The area of analysis is managed by CITO’s psychometrician Gunter Maris.
Prior to the Main Study in 2011, SurveyLang conducted a Field Trial: the analysis that now follows provides information on the quality of the test items (both language tests and questionnaires) and in-country translations. This allowed any arising issues to be resolved before the Main Study.
After the conclusion of the Main Study, the Language Tests completed by the students sampled in participating countries were marked and the Questionnaires’ results analysed. This process not only examined students’ responses, but also the way the tests themselves functioned. At this stage, particular attention was paid to any differences found across languages and countries.
The data from the Language Tests and Questionnaires were also analysed together to study the relationships between performance and concepts covered by the Questionnaires. A key focus was looking at the relationships, both similarities and differences across languages and countries. These are presented in the Final Report. The European Commission may use the analysis in the report to make future policy recommendations. Countries participating in the survey are also able to examine their own data and report on the findings relevant to their country and context.
Unlike the listening and reading tests and the Questionnaires, which could be easily marked as responses were predominantly multiple-choice, the marking of writing required a different approach. SurveyLang developed a markscheme specific to its assessments and provided exemplar tasks and training on use of this markscheme.
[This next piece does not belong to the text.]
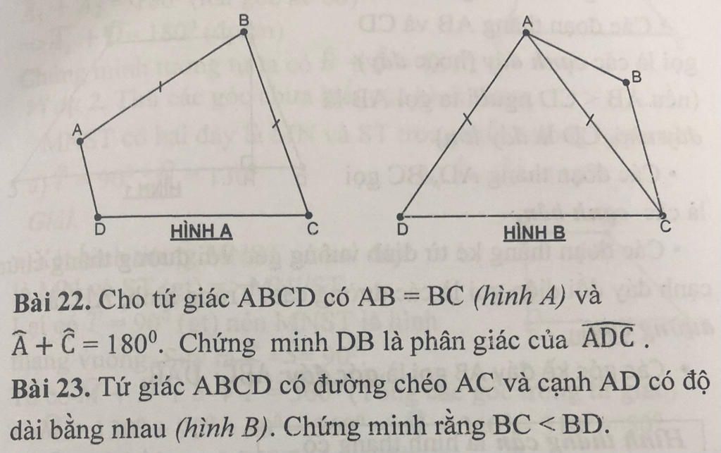 22) Vẽ $BE⊥DA; BF⊥DC$ (như hình A)

Marking was completed in-country with a sub-sample quality controlled centrally by SurveyLang.
The language testing data were analysed using a One Parameter Logistic Model (OPLM; Verhelst & Glas, 1995; Verhelst, Glas & Verstralen, 1995). The basic approach is that the data sets for each of these three skills represent a unidimensional scale. Exploratory and confirmatory factor analysis is used to examine the relationships in more detail.
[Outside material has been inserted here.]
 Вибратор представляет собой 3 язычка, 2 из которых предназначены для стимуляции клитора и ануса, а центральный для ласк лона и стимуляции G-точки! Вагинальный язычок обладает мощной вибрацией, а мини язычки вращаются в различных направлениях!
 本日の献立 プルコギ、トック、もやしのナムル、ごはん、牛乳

Further advanced data analysis techniques such as cluster analysis and multidimensional scaling are applied to detect and analyse systematic differences between countries.
The most important part of the analysis is devoted to studying the relationships between the Questionnaire data and the language test data. The basic technique used is called latent regression analysis.
The standard setting section provides details on how SurveyLang assessments are related to the CEFR.